Remember, Macs can’t do real work, they’re only for useless artsy stuff like landing on Mars

Classic.



  • http://www.thegraphicmac.com/ JimD

    Very cool as far as the Mac universe goes. But the whole story is, for me anyway, overshadowed by the fact that we can find 2.5 BILLION dollars to go to Mars to see if a bug lived there millions of years ago, but we can’t find the money to fix healthcare, pay our teachers a decent wage, feed our hungry and put a roof over the homeless in this country.

    As a human being (and a taxpayer), I’m outraged at this whole thing.

    Sorry for bringing politics into the discussion.

    • Michael

      JimD, agree that $2.5B is a lot of money. But what stands in the way of solving the problems you mentioned is not lack of money-it’s a question of priorities and political will.

      • http://www.thegraphicmac.com/ JimD

        And isn’t that usually the problem. Ugh.

    • Joe Romeo

      You do realize that if you took away all of NAASA’s budget and put it towards any of of those items (healthcare, education, homelessness) it would be a drop in the bucket right?

      • http://www.thegraphicmac.com/ JimD

        2.5 Billion would pay nearly 61,000 new teachers a salary of $41,000. That’s not what I consider a drop in the bucket. In any case, it has to start somewhere. It may not solve all the problems, but at some point we have to start trying.

        • http://www.aichon.com Brad

          While I don’t disagree that $2.5B is a LOT of money, phrasing it as you have fails to take into account that it wasn’t paid in a lump sum, but was rather spent over the course of an 8-year project. In other words, a better way to put it in perspective is that it’s enough money to pay about 7,600 teachers at $41,000/year for eight years.

          When you phrase it like that, it definitely feels more like a drop than a deluge. And considering the technologies that came out of the project, as well as what projects like this do to inspire future generations of children to pursue careers in STEM (Science, Technology, Engineering, and Mathematics), I think this is likely a better use of that money.

        • http://profile.yahoo.com/JRXMIILGGK3JEC6PKSE4ALHJBM Ryan

          Would pay those salaries for one year…and then we would have to fire them all the next…

    • http://twitter.com/Moeskido Moeskido

      You can play that game with almost any government expenditure, but targeting pure research with that argument is essentially targeting education itself. Benefits from decades of good work done by NASA and JPL yield long-term technological benefits that we all take for granted today.

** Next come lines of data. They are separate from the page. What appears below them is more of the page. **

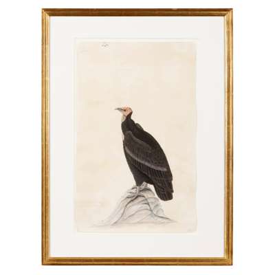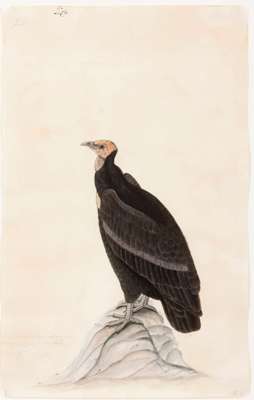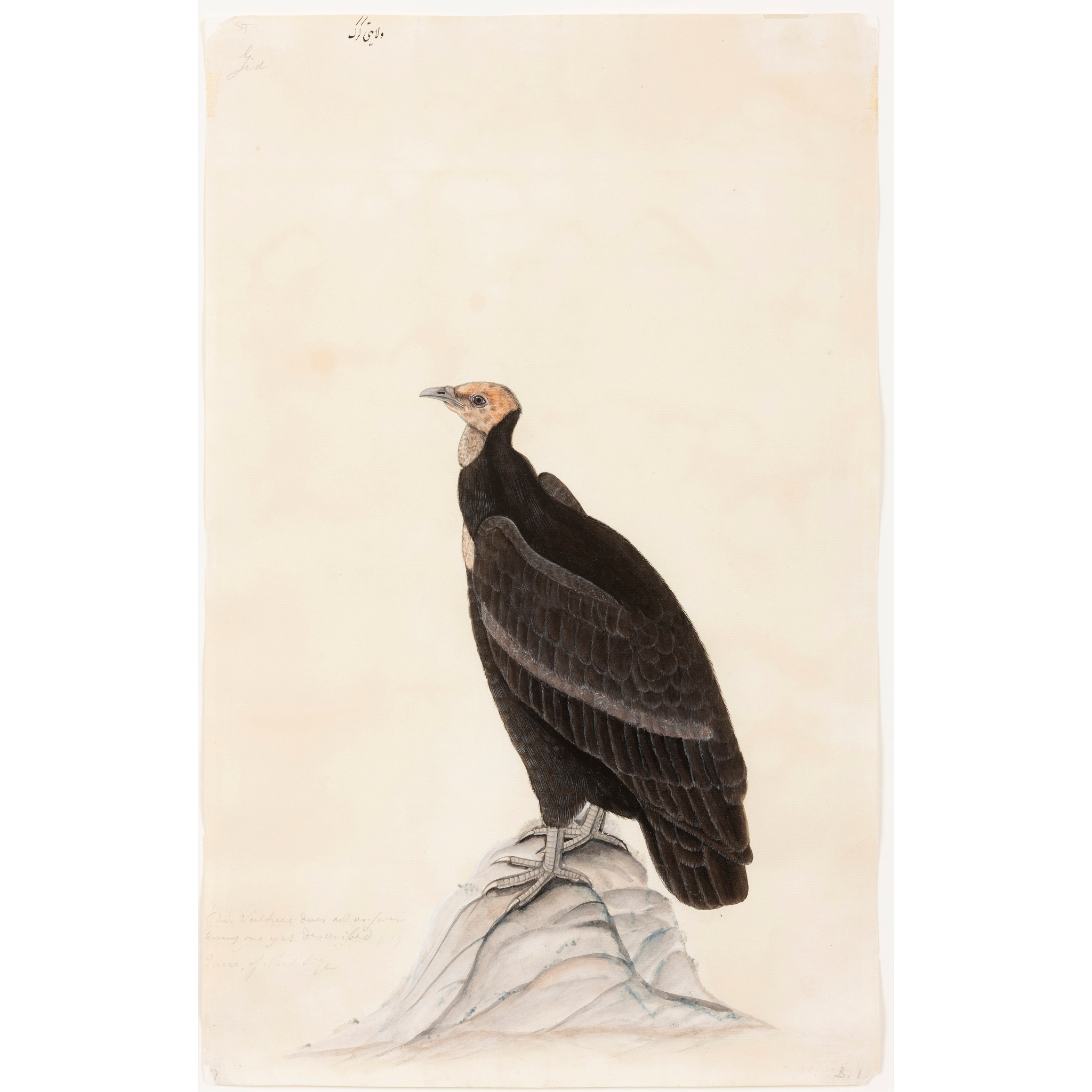 The vulture pictured here is something of an enigma. The large wings with relatively short primary flight feathers which do not extend beyond the tip of the tail, and its relatively long hind toe suggests that it should be an Old-World vulture. The fact that it is the subject of an Indian painting one would expect it to be an Asian species. But it is not. The closest Old-World species is the African Hooded Vulture Necrosyrtes monachus, but their “hood” consists of pale brown down and not black feathers. The black colouration and red head are reminiscent of an American Turkey Vulture or another of the genus Cathartes, but the nostril shape and wing markings do not fit these either. The bill is unhooked, the fleshy cere on the bill is behind, and not surrounding the nostril, and, although the head is coloured red, it gives every indication of being covered in feathers which surround the bill and eye and completely mask the ear opening. Neither are there any slender-billed vulture species with anything resembling a wing bar, though it is possible that this marking is intended to represent a line of shiny iridescence. This is a bird which does not exist, possibly painted from a description or recollection of a vulture once seen. It is an amalgamation of different species, possibly inspired by famous paintings of vultures, such as those of the Mughal artist Mansur in the celebrated Kevorkian Album. It was not drawn from direct observation of a vulture but is, nevertheless, a beautiful and interesting painting.
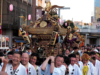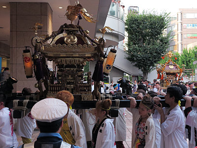 土曜日曜とも、日中は子供神輿と山車が、夕刻からは大人神輿2基(一之宮と二之宮)が、氏子7ヶ町を渡御する。
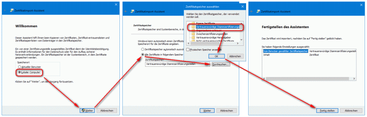 Certificate in Windows unter "Vertrauenswürdige Zertifikate", dann
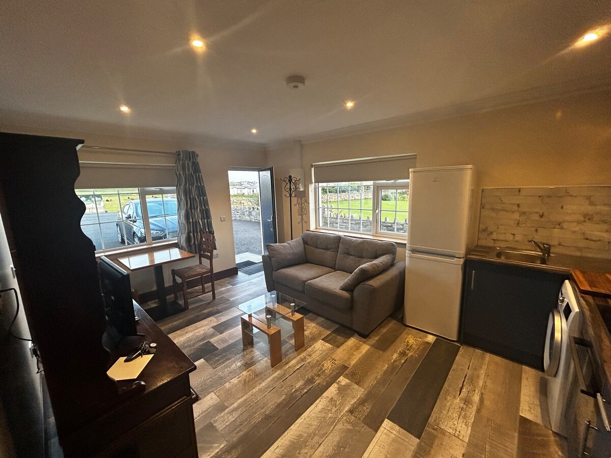 Bir yataq otağı, qonaq otağı, mətbəx və hamam otağı olan müasir yeni bəzədilmiş mənzil. Oturan otaqdan möhtəşəm dəniz mənzərələri və yataq otağından mənzərələri seyr edin. Pəncərənizin çölündəki qırılma dalğalarının səslərinə baxın. Bu dəbli mənzil "The Cliffs of Moher" və "Burren" Milli Parkını ziyarət etmək üçün mükəmməl baza olan Vəhşi Atlantik Yolu üzərində yerləşir. Atlantik okeanının fasiləsiz mənzərəsinə sahib olan bu dəniz kənarında yerləşən məkan rahat tətil üçün idealdır.Yüksək sürətli Wi-Fi!
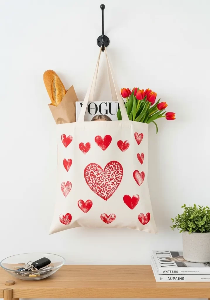 Add a touch of handmade charm to your daily errands with a custom stamped canvas bag. This project uses various sizes of red heart stamps to create a scattered, artistic pattern across a plain tote. The large central heart features an intricate lace like texture that serves as a focal point.
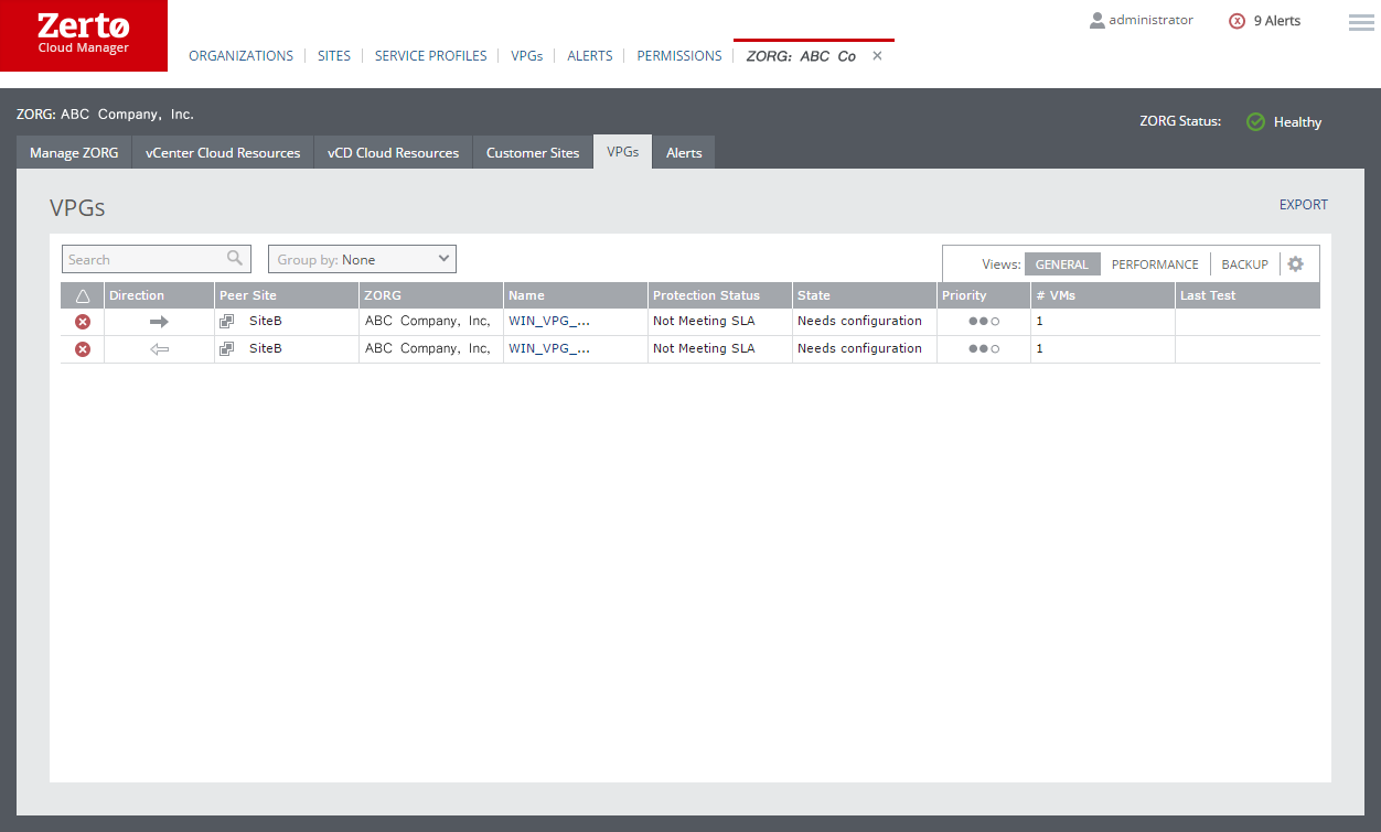 All VPGs protected or recovered for a specific ZORG can be monitored from the ZORG VPGs tab.

      How about “we can find hundreds of billions of dollars to fund military pork projects that keep entire states dependent upon industries that make poorly-designed weapons nobody wants”?

      Or “we can find tens of billions of dollars to subsidize a farming/food manufacturing industry that no longer needs help to turn an enormous profit?

      NASA is tiny, and deserves more of our respect.

      • http://www.tumblr.com/blog/his-divine-shadow His Shadow

        Double Plus Good. As noted by Neil deGrasse Tyson, the TARP bailout was more than the running budget of NASA for 50 years. We can afford projects that allow people to dream of what could be, and what we might do.

        • http://twitter.com/Moeskido Moeskido

          And not a few contractors who ordinarily make weapons on the side.

          • http://www.tumblr.com/blog/his-divine-shadow His Shadow

            Weapons that get expended monthly if not weekly on a scale that dwarfs the budget of NASA. If we are good with trillions on perpetual warfare, we really can’t complain about a few billion spent to draw our attention to the stars. Per ardua ad astra.

    • http://www.theuniversalsteve.com SSteve

      That’s a fallacious argument. Taking $2.5 billion from NASA doesn’t automatically make it available to hire teachers. Especially considering that the federal government doesn’t run the public school system.

      This question was answered much more eloquently that I can hope to do forty years ago. Go to the Letters of Note website and read their August 6, 2012 post “Why Explore Space”.

  • http://www.thediceguys.com Dean Lewis

    I had a comment posted, but it must still be in moderation due to me providing a link to NASA’s Spinoffs site. Google NASA Spinoffs in order to see what good putting money into science like this does, including helping with the very things listed above. There are tons of technology developed due to space research and creation of things to get to space. Everything from special metals to biotech and more come out of NASA programs and are taken by private enterprise to be pushed further.

    The amount given to NASA is small, and getting smaller every year, as people with their hearts in the right place or who are outright antagonistic toward science or the notion of government funded research work to cut NASA funding. I’d rather see them take the many more billions (and by several accounts trillions) of dollars spent in wars and put it toward healthcare and poverty than the relative pittance spent on space research.